5. The rejection is not on the merits of the application but on the grounds that the petitioner could have filed a revised return or presented an appeal under Section 248 of the Income Tax Act. As regards the option of filing a revised return, learned counsel for the petitioner pointed out that the time limit for filing such revised return expired. In any event, when a statute prescribes a remedy, the petitioner cannot be denied the benefit of availing of such remedy merely because an alternative remedy may be available. This can, no doubt, be done if the remedy is discretionary but not if the remedy is statutory. Therefore, the first ground of rejection in the impugned order is untenable.

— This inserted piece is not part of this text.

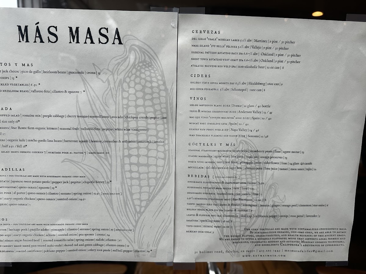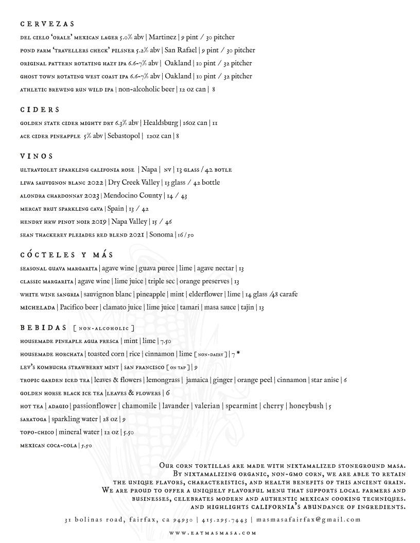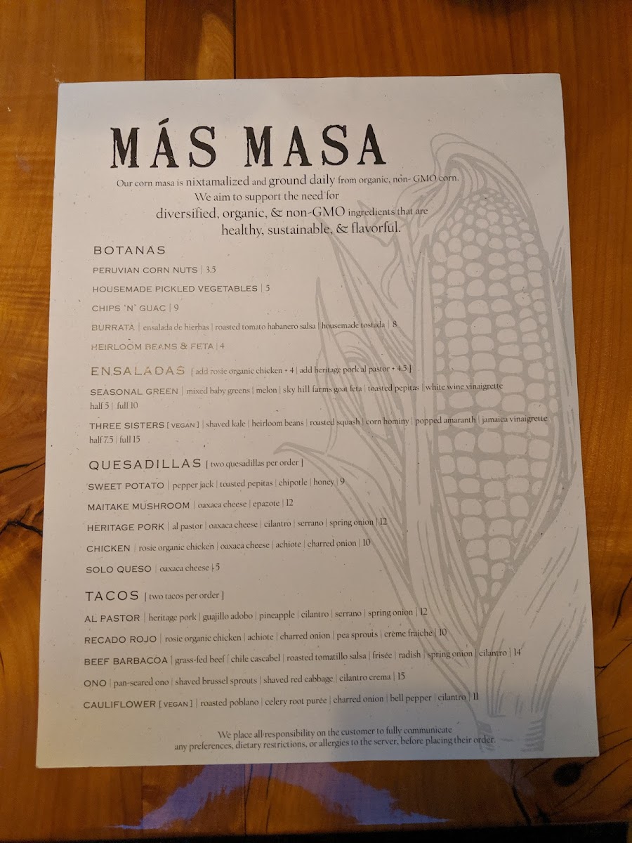 Additional menu highlights include a range of tacos including Al Pastor and fish tacos, housemade hot sauces, chips with guacamole, and other classic Mexican accompaniments like pozole, ceviche, elote, and Peruvian corn nuts.

6. The second ground of rejection is based on Section 248 of the Income Tax Act and the said provision is set out below:

“248.Where under an agreement or other arrangement, the tax deductible on any income, other than interest, under section 195 is to be borne by the person by whom the income is payable, and such person having paid such tax to the credit of the Central Government, claims that no tax was required to be deducted on such income, he may appeal to the Commissioner (Appeals) for a declaration that no tax was deductible on such income.]”

On examining Section 248 of the Income Tax Act, it is evident that it applies to a case where the tax deducted on payments made under Section 195 of the Income Tax Act to a non-resident, other than by way of interest, is required to be borne by the person by whom the income is payable (i.e. the person making the payment) as per contract or arrangement between the parties and the person making the deduction claims that tax was not payable. The case on hand pertains to the declaration and distribution of dividend by the petitioner, a company, to its shareholders and the tax payable thereon. This was not a case where a deduction was made under Section 195 towards tax on payments made to a non-resident and the parties had agreed that the deducting resident entity would bear the tax liability by compensating the non-resident by a proportional top-up. Therefore, Section 248 is clearly inapplicable. The second ground on which the revision petition was rejected is also consequently unsustainable.

7. As a corollary to the above conclusions, the impugned order is quashed and the matter is remanded for reconsideration on merits by the Principal Commissioner of Income Tax. After providing a reasonable opportunity to the petitioner, a fresh order on merits shall be issued within a period of three months from the date of receipt of a copy of this order. W.P.No.20788 of 2022 is disposed of on the above terms without any order as to costs. Consequently, connected Miscellaneous Petition is closed.